Thursday, November 19, 2009

Make a Wish...


I have a confession to make. When ever I hear Sally Struthers' voice come on begging me for money for starving children in Africa, I can't get to the remote quick enough to find anything else on television. If there is an ad for the ASPCA, I will simply walk out of the room. I don't want to "see" the suffering in the world--I know it exists, but out of sight--out of mind. I avoid the television pretty much altogether whenever the Jerry Lewis MDA telethon is on. I am not proud of it--but I also have a hard time correcting this behavior.

So, it probably comes as no surprise that when a local radio station had their "Make A Wish" telethon today that I kind of groaned internally when I heard them discussing it first thing this morning. Of course, I was already in the shower so I didn't have a chance to change the station. But then--I heard some amazing stories of strength, love, and courage--from the littlest champions in the world--kids with aggressive leukemia, rare cancer conditions, pretty much everything. And to hear the glee in their voices and the hope--I just almost was reduced to tears listening to their stories.



And the timing of this couldn't have been any better. My oldest son turned 12 the day before, and while he lives with his mom, we were able to take them out the night prior for a birthday celebration. My sons live another state from me--2 hours away--but that never stops me and my wife from going to as many events as we can. I hear often from friends and family that they "admire" me for doing this, but I have to tell you--this has never been done on my end for gaining attention--it's what these boys deserve. I made the decision to move farther away, why should they ultimately suffer by having an absent father due to distance? Sure, it gets tough during the Midwestern winters, but we certainly what we can. I am committed to that.

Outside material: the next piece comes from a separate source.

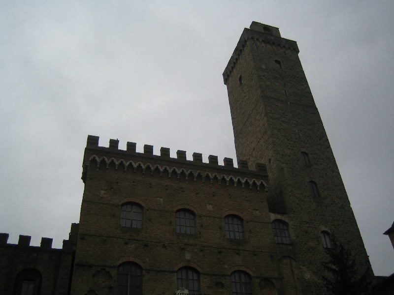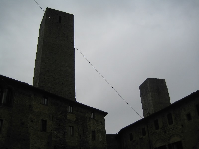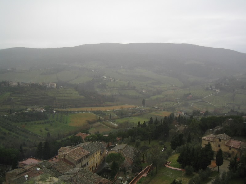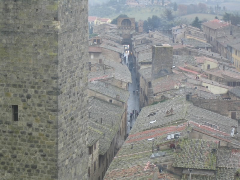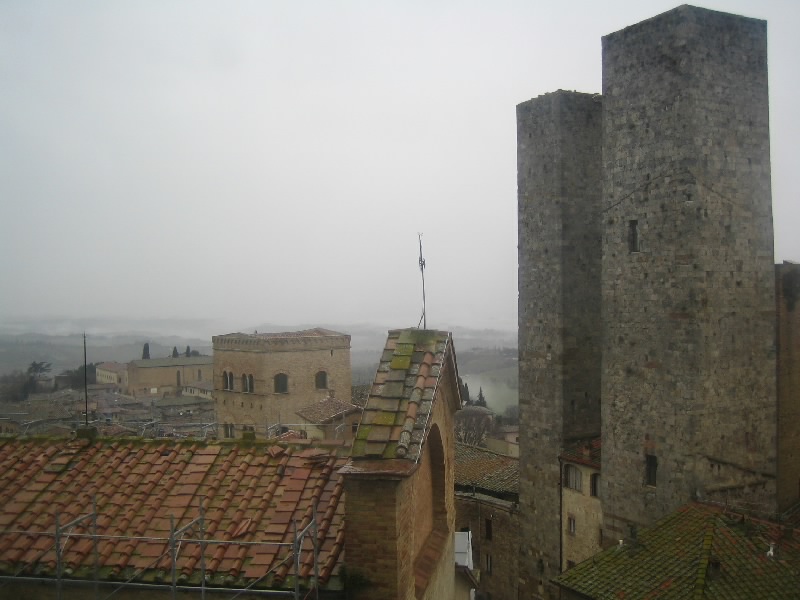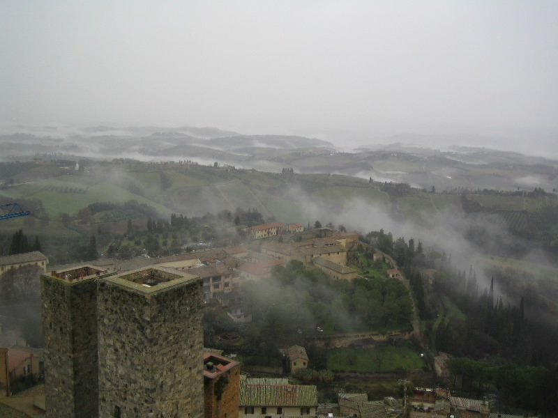 それにしてもこの階段。最初だけは石段を積み上げた造りだったのだが、塔を本格的に昇り始めるところからは鉄製の網目になった階段。別に何とも思わないのだが、網目から見えるはるか下の景色が高所恐怖症にはたまらないらしい。そうだったっけ?大騒ぎしながら、なんとか頂上まで到着。だれもいない頂上からは、サンジミニャーノ全体が見渡せる。残念ながら靄がかかっていて遠くの方はまでは見渡せないが、それでも雨に濡れた古い城壁の街を見下ろすのは気持ちがいい。車を停めた駐車場やホテルへの道、さっきまで歩いてきた道や広場などが手に取るように見える。今はそれほど多くの塔が見えないが、最盛期には70本を越える塔があったらしい。そんな頃にこうやって景色を見ることができたら、全く違うものになっているのだろうな。

But, again--another confession. I will be honest that there are certainly times that I am tired from work, tired from stress in my life, just plain exhausted from whatever--and I don't want to go. I will complain, I will try to make excuses--and there have been a few times that I just plain didn't go because of my own selfish things. While that has been minimal, listening to these Make a Wish children discuss their lives and what they have endured again shot me back to reality.

I have it made. Just another day in paradise.

God has given me these two gifts that I cannot forsake. He has blessed me with health, blessed them with talents and love, and he provides all of us with wonderful lives that we should never take for granted. I am so grateful and thankful for every detail that the Lord has given to me--whether seen as good or bad--the simple fact is that it's not about me. It is certainly something that I know I go up and down on, and for again my faith to evolve and my spirituality to take off on a pure path, I need to always realize this, and be selfless in my actions towards others, especially my sons that Jesus Christ has bestowed to me with the trust that I will teach them his way.

Please Lord, do not let me forget that with you all things are possible...and because of you all things are. Thank you for everything!